▸ Supplied data:
····················

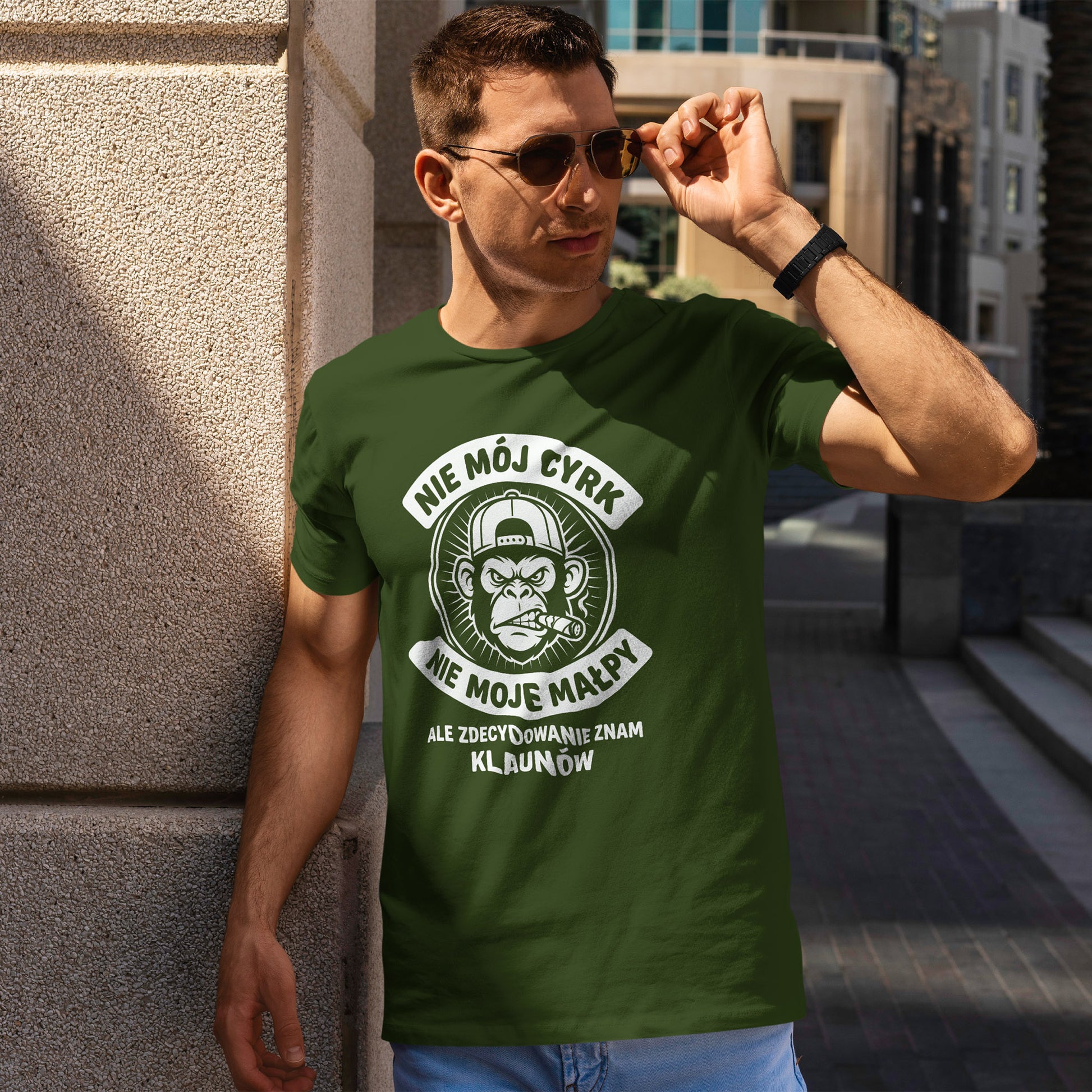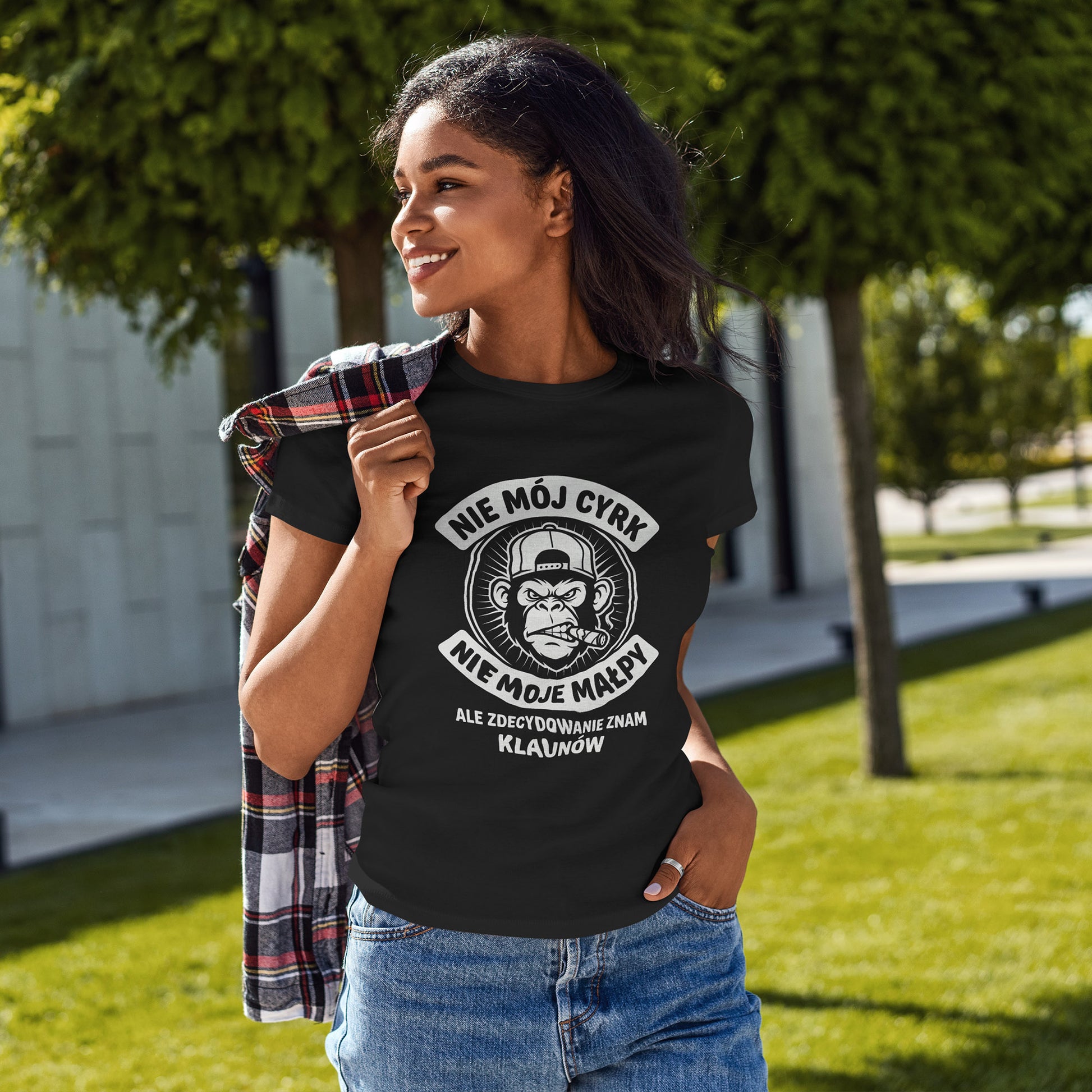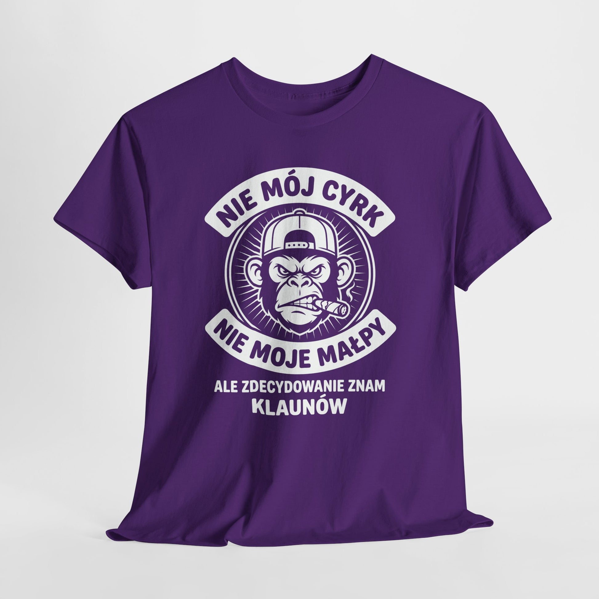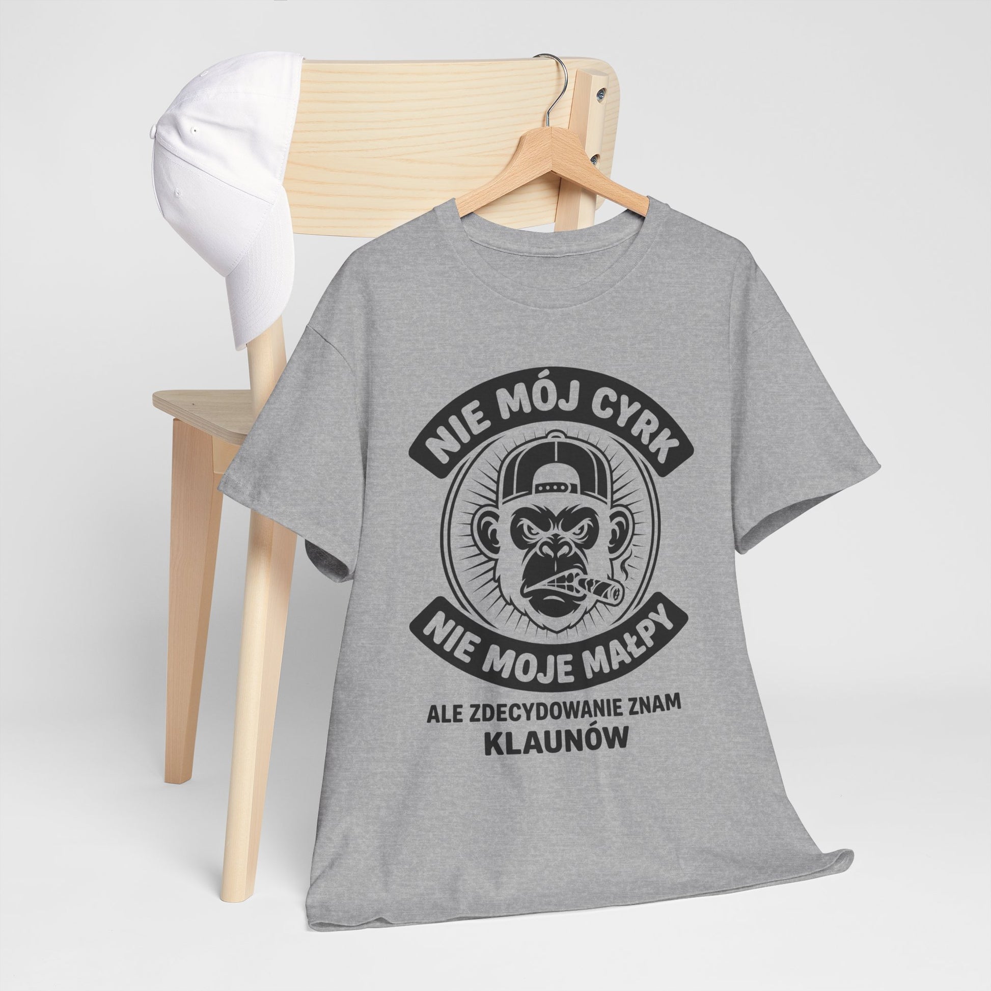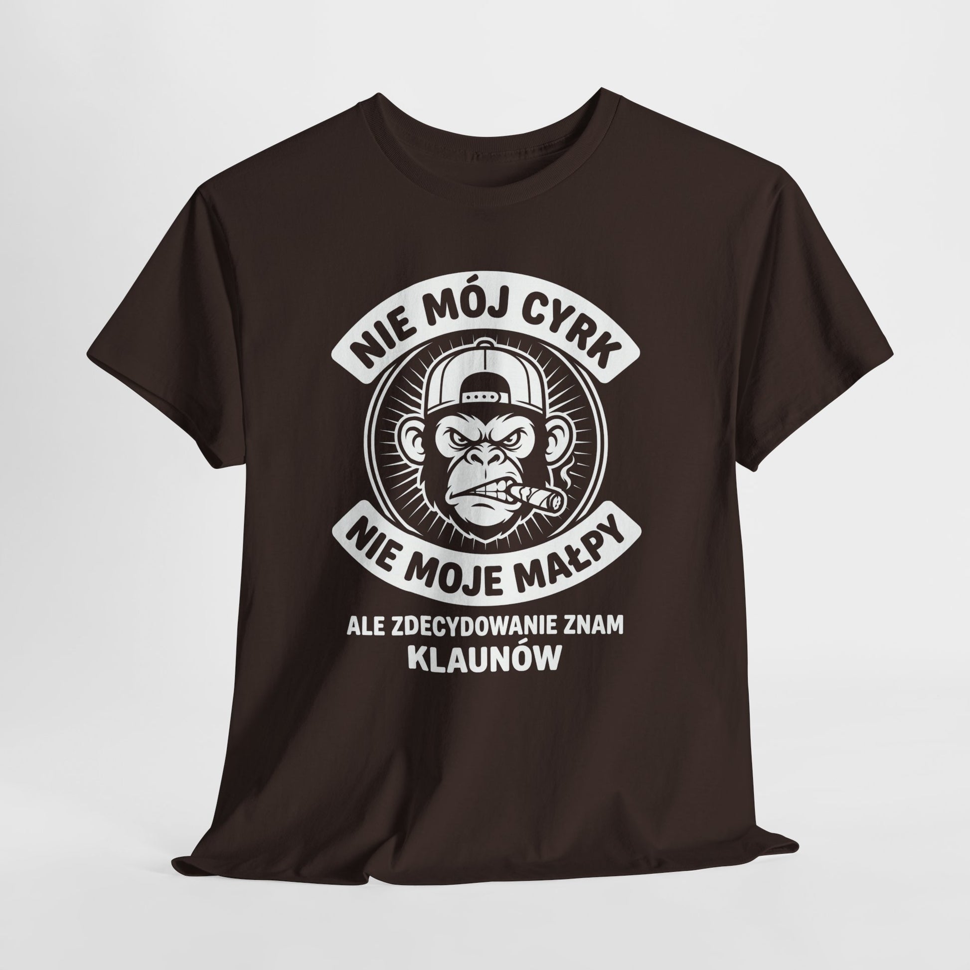 Na nadruku jest dokładny tekst: „NIE MÓJ CYRK NIE MOJE MAŁPY ALE ZDECYDOWANIE ZNAM KLAUNÓW”. Do tego stylowa, czarno-biała grafika: wkurzona małpa w czapce z cygarem, w okrągłym emblemacie jak odznaka. Smaczek: to powiedzonko w punkt łapie moment, kiedy nie jesteś odpowiedzialny za chaos, ale doskonale wiesz, kto go robi. To koszulka, która działa jak szybka riposta - bez gadania, bez tłumaczeń.
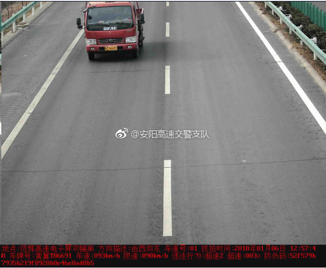 - #文明交通·安全伴您行# 【违法曝光台】2018年1月6日12时57分,冀T86691货车在范辉高速68公里+650米处违反载货汽车在高速公路超速未达20%的行为,扣6分,罚款200元。高速交警温馨提示:请依法、安全、文明 ...
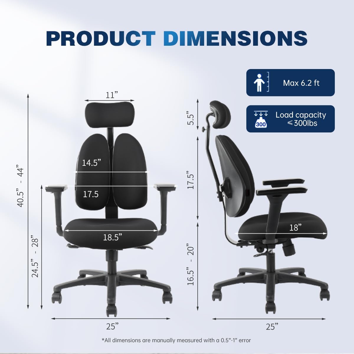 Experience superior lumbar support with our high back office chair, featuring a double backrest design for all-round protection. The ergonomic office chair lumbar support ensures comfort during long work sessions, making it the most comfortable office chair for sitting all day.
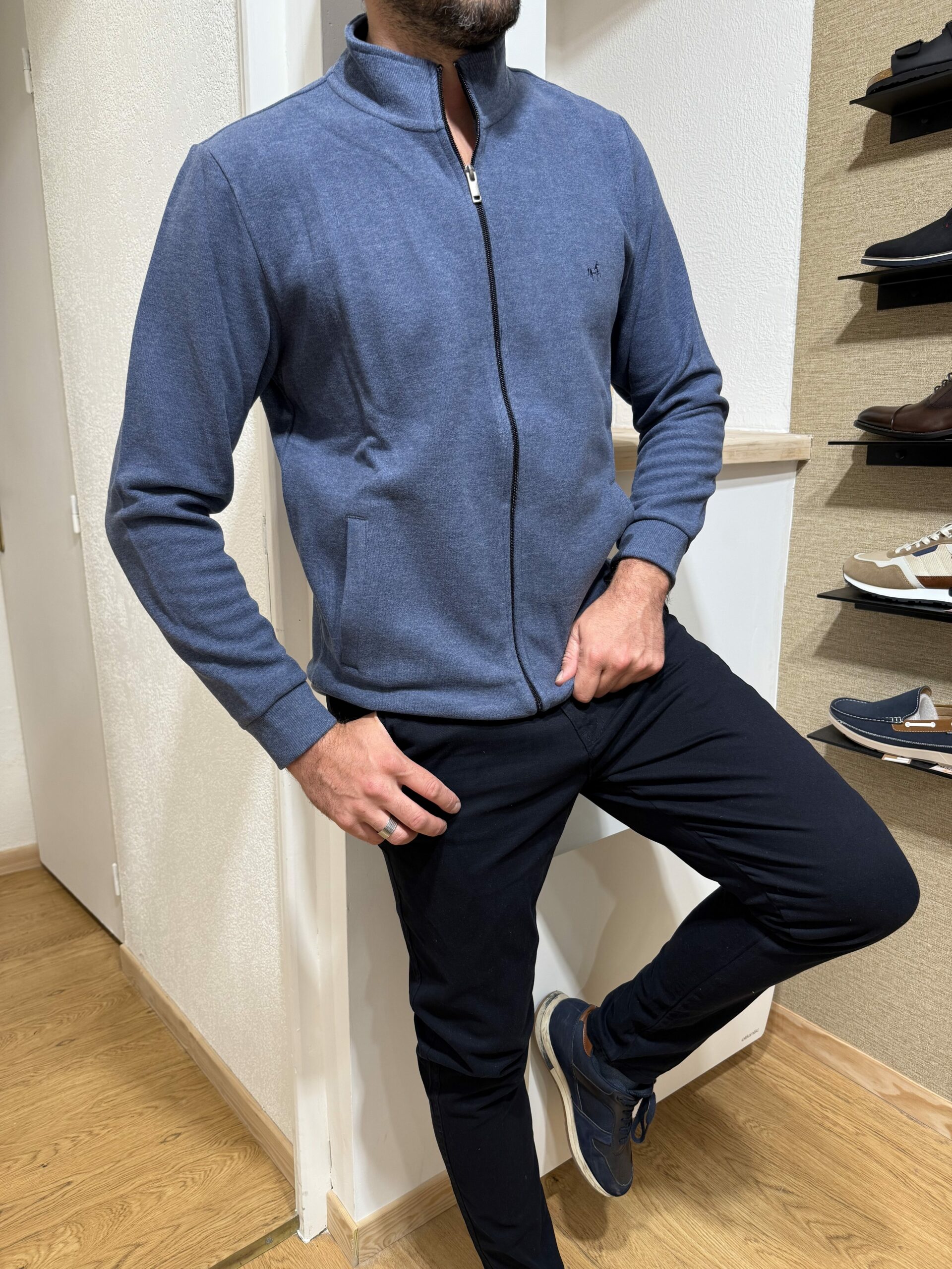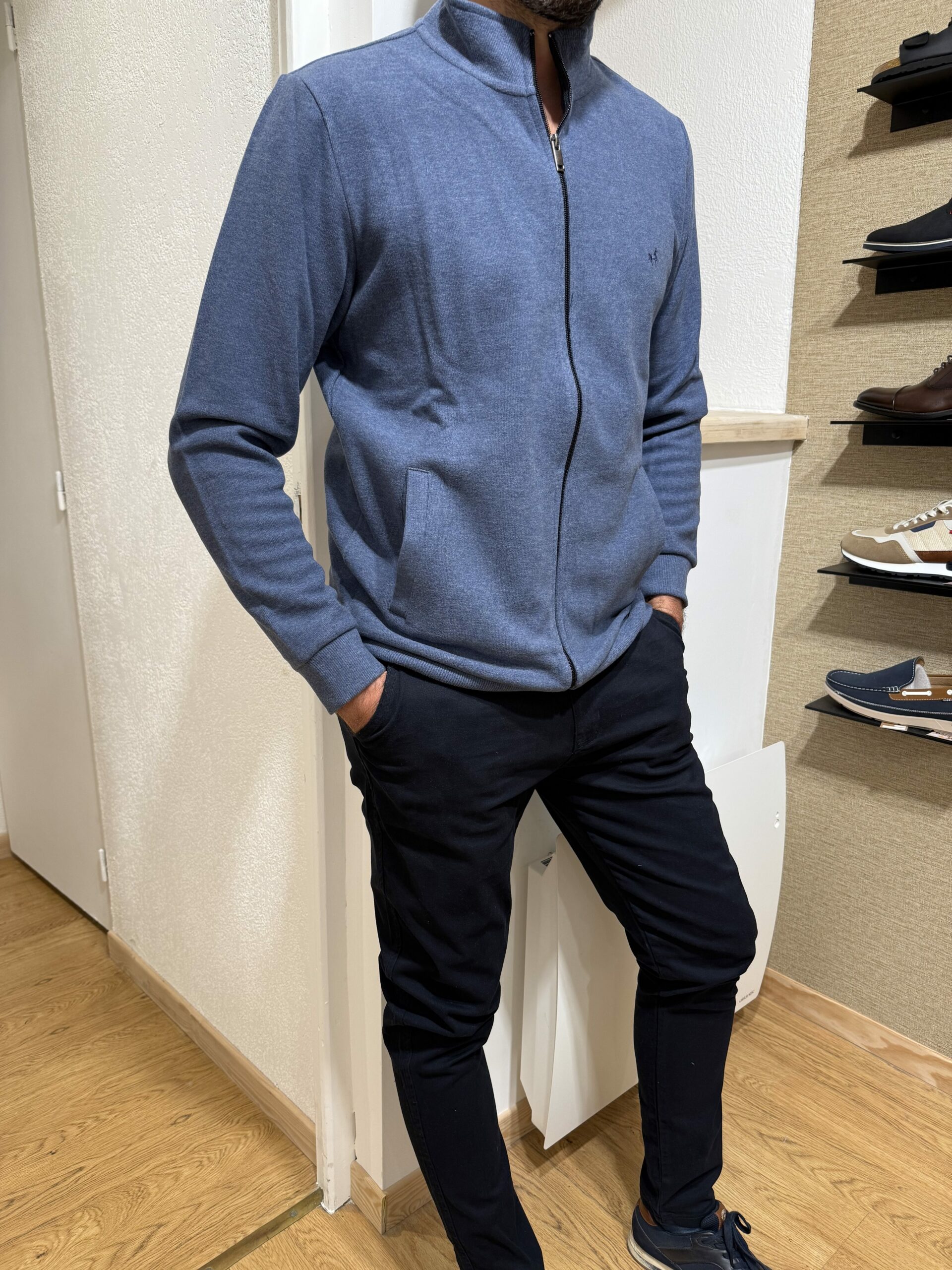 Ses détails soignés, comme les poches stylisées et les petites touches tricolores, lui confèrent une allure moderne et originale. Idéal aussi bien pour une tenue de tous les jours que pour un style plus habillé avec une chemise ou un polo.

····················

Omit the images; transcribe the listing verbatim.

 Na nadruku jest dokładny tekst: „NIE MÓJ CYRK NIE MOJE MAŁPY ALE ZDECYDOWANIE ZNAM KLAUNÓW”. Do tego stylowa, czarno-biała grafika: wkurzona małpa w czapce z cygarem, w okrągłym emblemacie jak odznaka. Smaczek: to powiedzonko w punkt łapie moment, kiedy nie jesteś odpowiedzialny za chaos, ale doskonale wiesz, kto go robi. To koszulka, która działa jak szybka riposta - bez gadania, bez tłumaczeń.
 - #文明交通·安全伴您行# 【违法曝光台】2018年1月6日12时57分,冀T86691货车在范辉高速68公里+650米处违反载货汽车在高速公路超速未达20%的行为,扣6分,罚款200元。高速交警温馨提示:请依法、安全、文明 ...
 Experience superior lumbar support with our high back office chair, featuring a double backrest design for all-round protection. The ergonomic office chair lumbar support ensures comfort during long work sessions, making it the most comfortable office chair for sitting all day.
 Ses détails soignés, comme les poches stylisées et les petites touches tricolores, lui confèrent une allure moderne et originale. Idéal aussi bien pour une tenue de tous les jours que pour un style plus habillé avec une chemise ou un polo.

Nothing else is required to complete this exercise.